Later in the day, I checked the newspapers and the each of these stories tallied substantially with the news reports. After the 3 November murder, the Gujjar victim’s family went and blocked a nearby state highway. When district officials went to meet them, they demanded that the sarpanch and others involved in the murder be arrested and his home demolished.
They had upended the frequently recurring motif of the bulldozer in the BJP campaign. An act that had stood out as one of vindictiveness by the BJP administration against the Muslim minority had come to be perceived as due process. Astoundingly, the district officials complied, and the sarpanch’s house was demolished.
“Now, the Gujjars,” Kushwaha concluded with some glee, “are angry with a Tomar minister because he is a Tomar, and the Tomars are angry with him because he has let a Tomar house be demolished.”
As a result, the situation Tomar finds himself in adds to the BJP’s worries in the Chambal region. In the 2018 assembly election, before Scindia defected, the Congress had won 26 of the 34 seats in the region. At the time, Tomar was the uncontested leader of the party in the region. With Scindia’s entry, this was no longer the case. If Tomar loses the elections, he would cede control over the region to Scindia, who has not been asked by the party to contest.
The constituency is afloat with rumours that maharaj—high king, as Scindia is referred to here—would not be too unhappy over Tomar’s defeat. “However,” Kushwaha told me, dispelling the impact Scindia could have, “in this region we do not like turncoats, so maharaj’s appeal is not what it was.”

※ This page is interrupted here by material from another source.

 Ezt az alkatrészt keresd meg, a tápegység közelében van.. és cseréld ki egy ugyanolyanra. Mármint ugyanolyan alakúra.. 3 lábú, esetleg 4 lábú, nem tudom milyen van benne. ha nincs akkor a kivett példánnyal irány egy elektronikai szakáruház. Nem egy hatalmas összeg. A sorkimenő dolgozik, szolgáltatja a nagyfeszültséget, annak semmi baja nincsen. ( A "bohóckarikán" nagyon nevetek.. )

A few hours after I spoke to Kushwaha, Prime Minister Narendra Modi addressed a large gathering in the town of Morena with Tomar in attendance. Through his half-hour long speech, he did not refer to Tomar once. I was told by local journalists that we should not read anything other than Modi’s megalomania into this fact. He has also given speeches in the state where he has not referred to Shivraj Singh Chouhan, a four-term chief minister, even once. The BJP is going into this campaign with the slogan: “Modi Ke Mann Mein Base MP, MP Ke Mann Mein Modi”—MP resides in Modi’s mind, in MP’s mind is Modi.
Left out of Modi’s mann, Tomar has been forced to campaign door-to-door in a manner rarely expected of a leader of his seniority. A few days before my visit, he was in Kaji Basai constituency, actually asking its Muslim inhabitants for votes. This is, to say the very least, surprising for the BJP, which almost always bypasses the Muslim voters.

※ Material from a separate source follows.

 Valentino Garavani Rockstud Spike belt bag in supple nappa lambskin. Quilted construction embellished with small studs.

At a local grocery shop, Mumen Mohammed, who retired from the central reserve police force as a havildar, told me, “I have never seen Tomar come here, over the last five years. This is the first time most of us are seeing his face.” Mohammed was joined by others from the village. One of them said, “They speak of kaam”—work—“but there is one word they do not use, prem”—love. He added, “We all know why that is the case.”
Mohammed leaned forwards in his chair. “The best he could do was ask us, ‘Agar mainen kabhi Musalmaanon ka nuksaan kiya hai to batao’”—Tell me, have I ever done any harm to the Muslims?